Kostuk and Willoughby [29] used decision trees to analyze the choice of scoring or not scoring in the late stages of curling competitions. Based on observations of world-class curling competitions, it appeared that North American curling players never chose to score at the end of the game, while European players did. The results showed that not scoring in the last stage of the game is the better choice.
Chu and Wang [30] used a decision tree to classify US Major League Baseball (MLB) teams into “no playoffs” or “playoffs” groups. Through research and analysis, it was found that a 0.537 winning percentage in the regular season may well be the threshold for advancing to the postseason. Simsek et al. [31] used a decision tree classification model to analyze the MLB’s free agents between 2013 and 2017. The results evidenced that, for players offered a new contract, “age”, “wins above replacement”, and “the team on which a player last played” were the most significant factors in determining whether a player signed a new contract or not. Li and Chang [32] analyzed a baseball database using the chi-squared test to decide the significant factors in a pre-processing step of pruning insignificant factors before constructing a decision tree. The results showed that the p-value of the chi-squared test provided the advantages of a lower storage cost, a faster prediction time, and a higher degree of accuracy for data classification than did the decision tree including all the original factors.
Liu et al. [33] used body-sensor networks to collect table-tennis stroke-recognition motion data and used principal component analysis (PCA) to analyze sports skills. The results of the PCA showed a classification accuracy of 97.41%. Sha et al. [34] proposed the placement of sensors on the wrists of six table-tennis players, with each playing 100 returns and serves, and then the researchers used a decision tree to identify the classification of hits and misses using the differences in motion between the two. The results showed that the classification accuracy of the decision tree was as high as 99%, and the rate of accuracy in the identification of hits and misses was 95%. Wang et al. [35] used the depth-sensing technology of Microsoft Kinect to obtain human-skeleton data from tennis players. Next, they used the KNN algorithm to define dimension weights for action classification. The research results showed that the accuracies of the KNN algorithm, that of the decision tree algorithm, and that of the convolutional neural network (CNN) algorithm were 92.4%, 92.81%, and 89.97%, respectively. To develop a teaching system with correct tennis posture through accurate classification, Javed et al. [36] classified videos of shots into long shots, medium shots, close-up shots, and off-field shots, and they proposed a decision tree architecture for the shot-classification of outdoor-sports videos. Using the sports videos on YouTube for automatic classification, the results suggested that the classification accuracy improved by an average of 6.9%. Gong and Wang [37] proposed the use of an audio-stream-analysis, multi-label-classification algorithm, which was applied to the decision tree classification algorithm for classification. Using the continuous-time hidden Markov model (CHMM), the audio employed multiple labels for the branch-pruning and classification of the tree. They then used 72 shots and 56 tennis highlights as the verification material for the algorithm. The detection rate of the bottom-line hit event reached 92% and 88%, which are relatively high, while the detection efficiency of the ace-ball event and the tennis event, 84% and 80%, respectively, were not very good.

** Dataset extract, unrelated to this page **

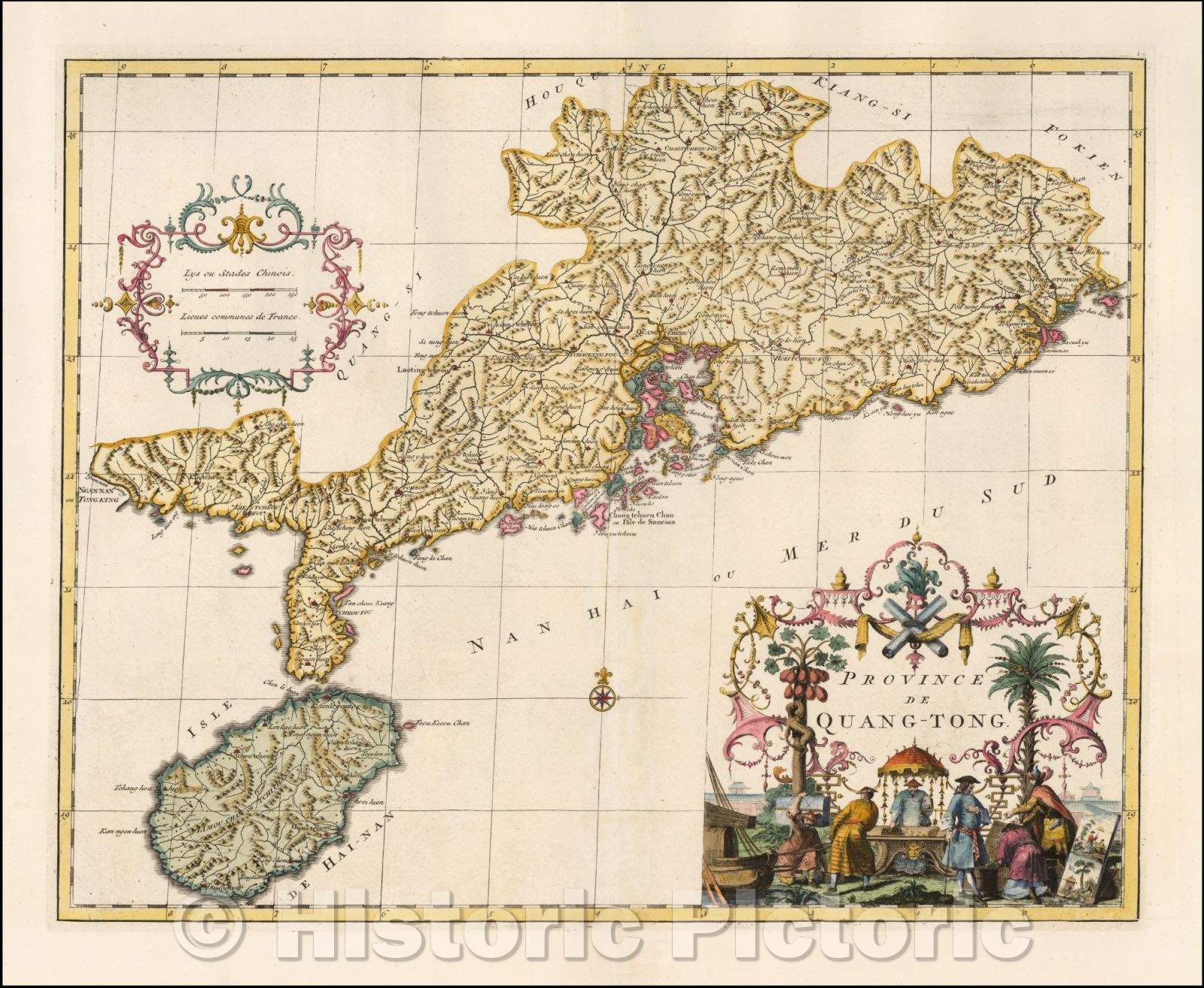 Historic Map - Guandong and Hainan, China Province De Quang-Tong, 1737, Jean-Baptiste Bourguignon d'Anville v1

Based on the abovementioned decision tree studies, it can be determined that, by using decision trees, collected data can be sequentially arranged into graphs via tree diagrams so that the results presented from different nodes can be clearly seen. Thereafter, the most advantageous option can be determined.

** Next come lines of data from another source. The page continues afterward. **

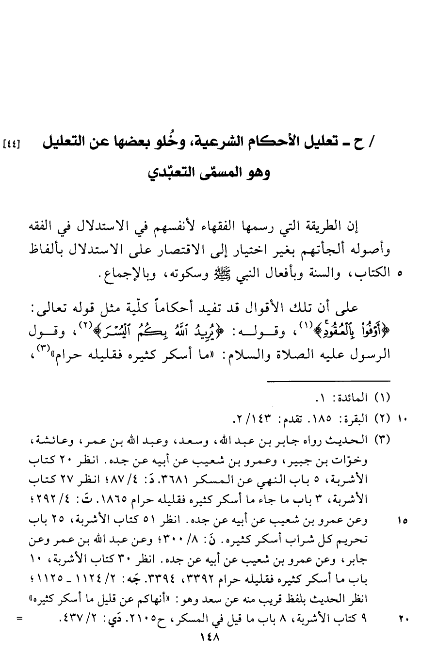ح - تعليل الأحكام الشرعية، وخُلو بعضها عن التعليل وهو المسمّى التعبّدي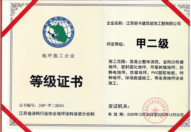 江蘇麗卡建筑裝飾工程有限公司是一家專業(yè)化、多元化公司;公司致力于工業(yè)地坪材料工程和施工場(chǎng)地的開發(fā)設(shè)計(jì)、銷售施工及保養(yǎng)維護(hù)。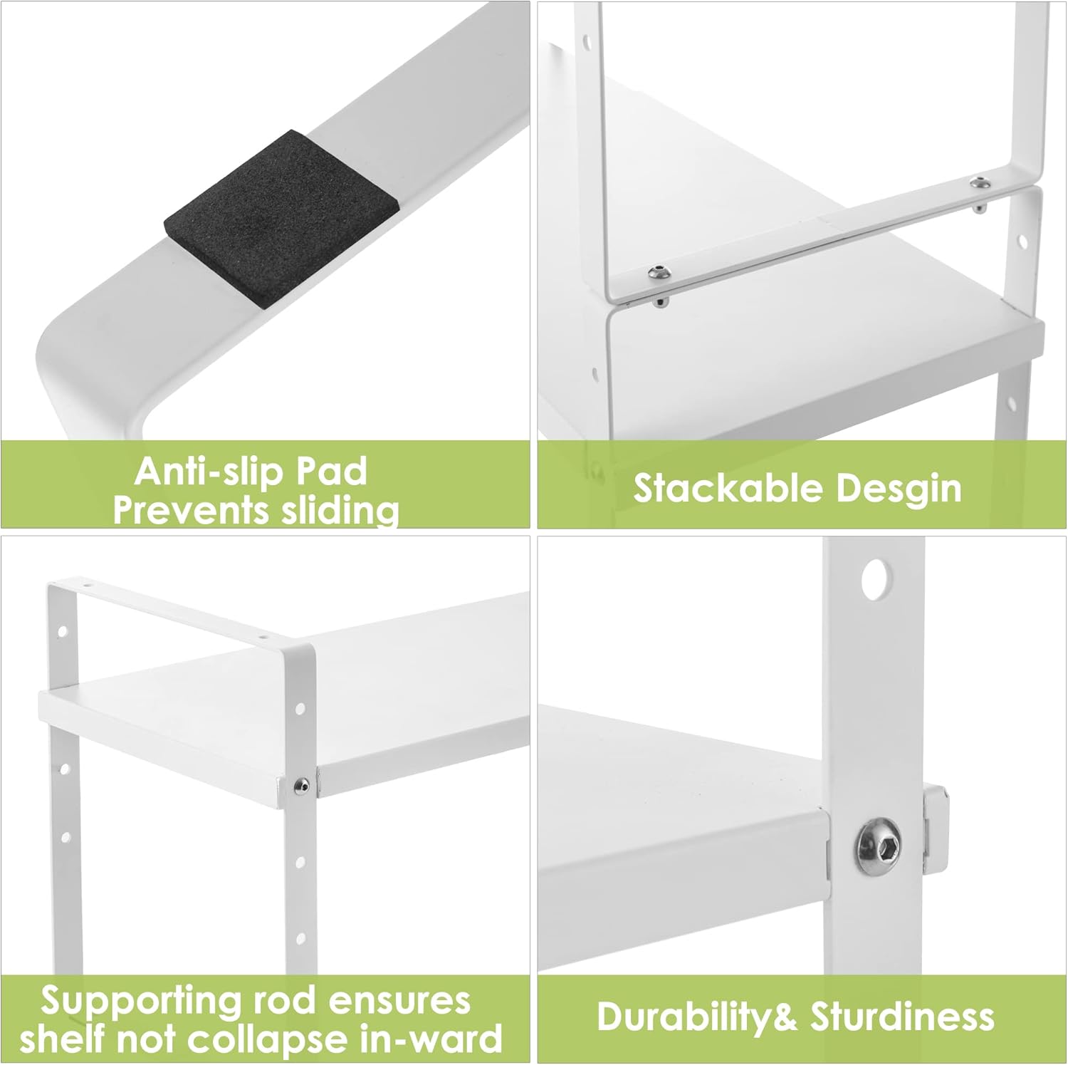 Expandable Cabinet Shelf Organizer Rack, Stackable Kitchen Counter Storage Shelves Stand, Adjustable Height Pantry Shelf Spice Rack (White, 2 Pack)

3. Materials and Algorithm

The tennis-game model-flow, from video collection to usable decision, is shown in Figure 1. According to Figure 1, the first part consists of applying pre-established selection rules in the integration of primitive video data to decide whether that video data belongs. The next part is to reorganize the video data by discarding unnecessary or redundant video information, establishing video contents and record-keeping formats, and ensuring the integrity and consistency of the data so as to construct a video-data platform. The third part is to organize the video-data part, in which the information on where the tennis ball falls and where the player stands is grouped into related subjects, and data-mining-processing methods are used to determine video-data models and to further define the relationships within the various tennis-game-model datasets for reference in storage and query computation. The resulting three-part tennis-game model can become a decision-making support system for players’ technique and tactics.

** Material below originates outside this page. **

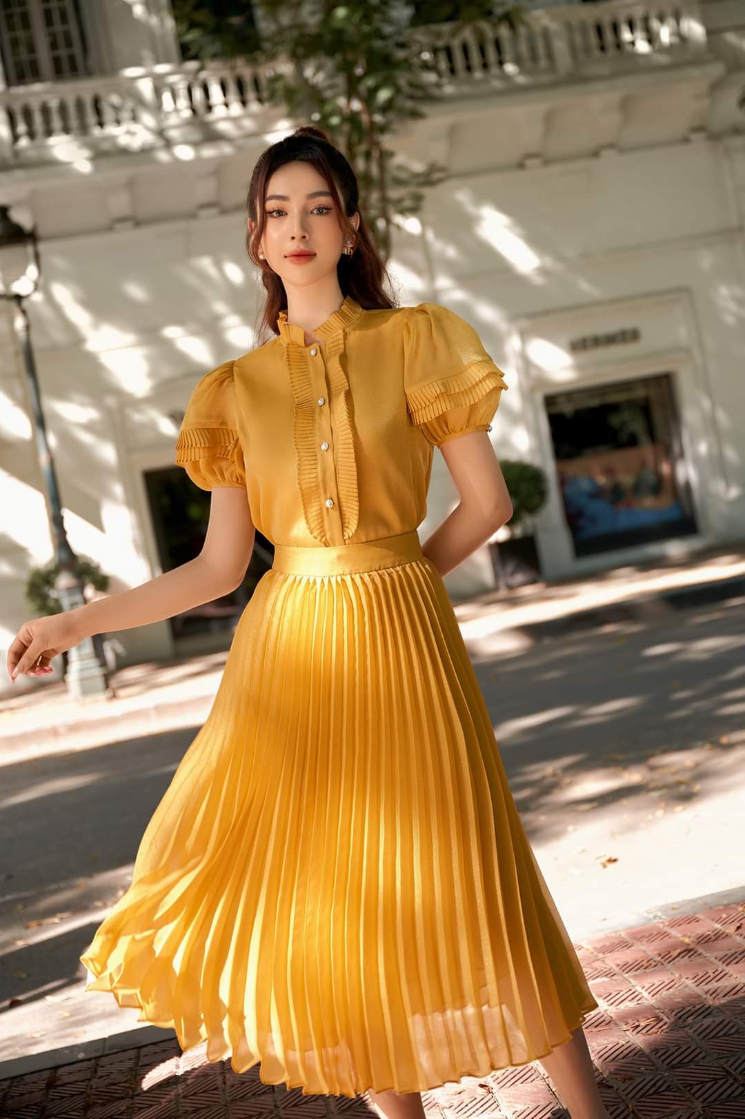 This exquisite silk blouse from Sarah Luton captures timeless elegance with a modern flair. Crafted from premium silk, it features intricate pleated ruffle sleeves and a refined high neckline. The front is adorned with lustrous pearl buttons, adding a delicate yet luxurious touch. Perfectly tailored to flatter the silhouette, this blouse seamlessly transitions from daytime sophistication to evening charm. A signature piece for refined wardrobes, the Sarah Luton blouse embodies grace and statement style in every detail.

Part 1: Establishing Rules
Definition 1.
Defining the classifications of tennis techniques and players’ performance.
The common techniques used in tennis are divided into 13 categories: forehand, backhand, forehand volley, backhand volley, forehand half-volley, backhand half-volley, forehand spin, backhand spin, first serve, second serve, smash, unsuccessful shots, and other. The algorithm code for each technique is listed in Table 1 [38].
Definition 2.
Defining the players’ volley and the placements of strokes and serves.
Modifying the court-numbering of serve-drop and receive-return-drop originally compiled by Liao and Lee [16], we divided the tennis courts into 48 positioning areas as shown in Figure 2. As shown, the codes for the player positions for striking and receiving range from 1 to 48. The returner’s impact location can be classified into 6 areas, coded from A to F, as shown in Figure 3 [39].
Definition 3.
Defining the source of the video and the period of the game.
This study developed an expert, decision-making system for tennis games. First, with notational analysis, 48 areas were delimited on each side of the centerline of the court, and 10 matches between the 2 professional tennis players, Federer and Nadal, played between 2007 and 2019 were analyzed.
Part 2: Reorganizing Tennis Video
Based on the decision tree framework [36,37], the image recognition system can identify the location from which the tennis player is serving, where the tennis ball lands, and where the opponent is standing when they return. However, it is not possible to identify the tennis techniques used by both players. Therefore, this study uses notational analysis to identify and record the standing positions of the tennis players, the drops of the tennis balls, and the tennis techniques used by each player at that given time.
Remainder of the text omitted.